Титушко всегда с упоением читал этот тропарь мученику и всегда находил в нем надежду и утешение, а в надежде скорей прощалась и забывалась человеческая ложь, жестокость. Он с детства верил в вечную истину, что каждому и всякому будет воздано, и не хотел расставаться с этой верой, но не мог и понять, почему именно он должен страдать за чужие грехи. «Хоть и тот же Харитон. Он исповедался, снял со своей души гнет и жить теперь станет как праведник, а я томись за него. Да и вправе ли я брать на себя Грех его» — так думал Титушко и, чем беззаветней молился, тем мучительней жила его совесть: не было ей покоя.
Вымочив и застудив от сырой земли колени, он не спешил подняться, а все читал тропари: Спасителю, Богородице, Пророку. И вдруг в этих молитвах ему открылось бесспорное и враждебное духу его. «Вот как, вот как, — поднимаясь с колен, супротивно думал он. — Владычица, погибаем от прегрешений, помоги и спаси. В алчной корысти Мишка Ржанов покусился на человека — как помогать ему? На очной ставке не прощения просил, не раскаянием маялся, а уговаривал молиться за него: твоя-де молитва, Титушко, доходчива до бога. И Харитон прикрылся моим словом. Аркашка Оглоблин увел мою жену — для него в этом нету греха. Боже мой, не все ли отняли твоим именем? Стяжая, они не знают бога. Лихая сила взята ими, и смута пойдет через них».
Не скоро Титушко вернулся в мастерскую, где пахло согретой сыростью, лег на верстак, и оттого, что намерзся, оттого, что одиноко было ему, оттого, что в немилосердной жестокости открылся ему мир, он впервые за всю жизнь почувствовал себя беззащитным и потерянным.
Тура по разметам бескрайней поймы вся в изломах, колено в колено и к селу Устойному ближе всего прислонилась стремной протокой. С близких полей в вершину луки промыт распадок, куда мужики телегами валят мусор, а весной приходит вода, вымывает его, уносит и жадно подъедает берега. Рушатся они в мутные потоки, унося целые огороды с угожей землицей, грядками, пряслами, а случается и банями. Старики говорят, что за двором Зимогоров еще на их памяти стояло две избы, а нынешнее водополье отламывает куски от Зимогорова удела. Глубокие трещины кроят и поскотину за Вогулкой, через год-два подползут к самой кузнице братанов Окладниковых.
На полянке чуть поодаль от кузницы мальчишки играют в бабки.
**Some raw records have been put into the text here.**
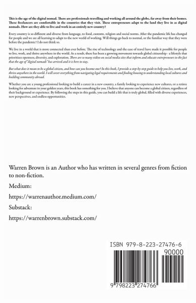 This is the age of the digital nomad. There are professionals travelling and working all around the globe, far away from their homes. These freelancers are comfortable in the countries that they visit. These entrepreneurs adapt to the land they live in as digital nomads. How are they able to live and work in an entirely new country? Every country is so different and diverse from language, to food, customs, religion and social norms. After the pandemic life has changed for people and we are all learning to adapt to the new world of working. Will things go back to normal, or the familiar way that they were before the pandemic? I do not think so. We live in a world that is more connected than ever before. The rise of technology and the ease of travel have made it possible for people to live, work, and thrive anywhere in the world. As a result, there has been a growing movement towards global citizenship - a lifestyle that prioritizes openness, diversity, and exploration. There are so many videos on social media sites that inform and educate entrepreneurs to the fact that the age of "digital nomads" has arrived and it is here to stay. But what does it mean to be a global citizen, and how can you become one? In this book, I provide a step-by-step guide to help you live, work, and thrive anywhere in the world. I will cover everything from navigating legal requirements and finding housing to understanding local cultures and building community abroad. Whether you are a young professional looking to build a career in a new country, a family looking to experience new cultures, or a retiree looking for adventure in your golden years, this book has something for you. I believe that anyone can become a global citizen, regardless of their background or experience. By following the steps in this guide, you can build a life that is truly global, filled with diverse experiences, new perspectives, and endless opportunities.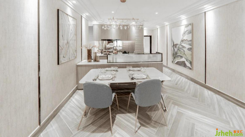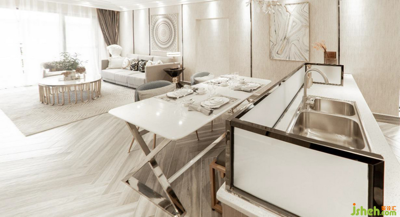 与以往独立式厨房设计相比,开放式厨房不仅是在为住户创造宽敞舒适的环境,也是在增加家人之间的互动交流,让心与心、人与人彼此贴近,而且,设计师有利用柔和、轻缓色调的材质进行调和,塑造出住户内心向往的生活状态。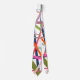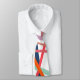 This tie has a geometric design of scattered lines in floral colours – shades of pink, orange, yellow, blue, and green.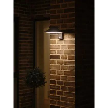 Descrizione Nordlux Solar Luce Da Parete Justina Metallo Nero 400lm - 830 Luce Calda - | IP44 - Sensore di Movimento e Luce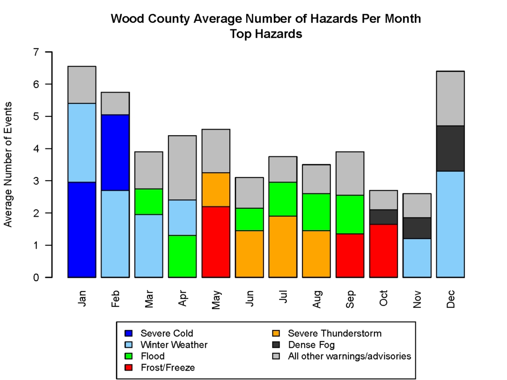 Wood County deals with an array of hazardous weather throughout the year, and the type of hazards vary from season to season. The bar chart and table above are summaries of warnings and advisories issued by the National Weather Service for Wood County over the past 20 years (2005-2024). Looking at hazards by month/season, the winter months are characterized by severe cold, snow events, and dense fog. Severe thunderstorms and flooding are more common in the late spring into summer when thunderstorms and heavy rain are more common. Frost advisories and freeze warnings are most common in May, September, and October as these are the times of year when we are transitioning into or out of the growing season and plants are susceptible to frost. Overall, the most common hazards in a year in Wood County are winter weather, severe thunderstorms, severe cold, and floods. Tornadoes are more uncommon, with one tornado warning issued per every two years for the county, on average.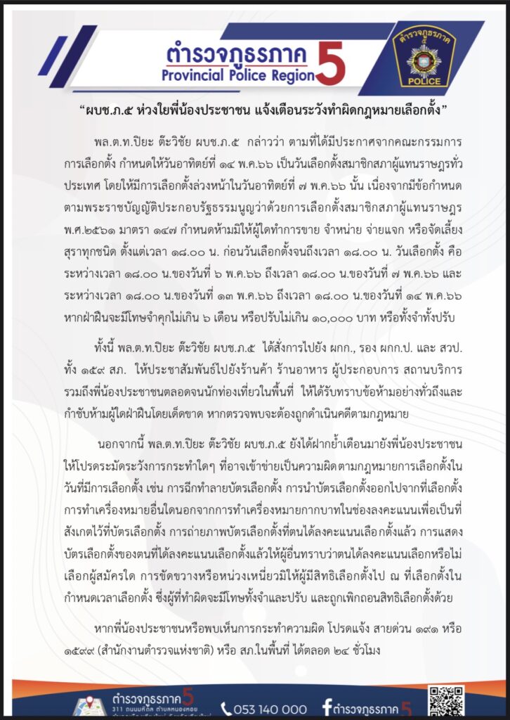 นอกจากนี้ พล.ต.ท.ปิยะ ต๊ะวิชัย ผบช.ภ.5 ยังได้ฝากย้ำเตือนมายังพี่น้องประชาชนให้โปรดระมัดระวังการกระทำใดๆ ที่อาจเข้าข่ายเป็นความผิดตามกฎหมายการเลือกตั้งในวันที่มีการเลือกตั้ง เช่น การฉีกทำลายบัตรเลือกตั้ง การนำบัตรเลือกตั้งออกไปจากที่เลือกตั้ง การทำเครื่องหมายอื่นใดนอกจากการทำเครื่องหมายกากบาทในช่องลงคะแนนเพื่อเป็นที่สังเกตไว้ที่บัตรเลือกตั้ง การถ่ายภาพบัตรเลือกตั้งที่ตนได้ลงคะแนนเลือกตั้งแล้ว การแสดงบัตรเลือกตั้งของตนที่ได้ลงคะแนนเลือกตั้งแล้วให้ผู้อื่นทราบว่าตนได้ลงคะแนนเลือกหรือไม่เลือกผู้สมัครใด การขัดขวางหรือหน่วงเหนี่ยวมิให้ผู้มีสิทธิเลือกตั้งไป ณ ที่เลือกตั้งในกำหนดเวลาเลือกตั้ง ซึ่งผู้ที่ทำผิดจะมีโทษทั้งจำและปรับ และถูกเพิกถอนสิทธิเลือกตั้งด้วย

От новой трещины мечут залитые свинцом и покрашенные битки. На колесном станке сидит Матька Кукуй и, ширкая натертым носом, плетет пеньковый кнут. На Матьке фуражка с проношенным верхом и жесткие, толстые волосы лезут в дыру. Мальчишки по очереди помогают ему, держат хлыст, а тому, кто отлынивает, Матька грозит кулаком.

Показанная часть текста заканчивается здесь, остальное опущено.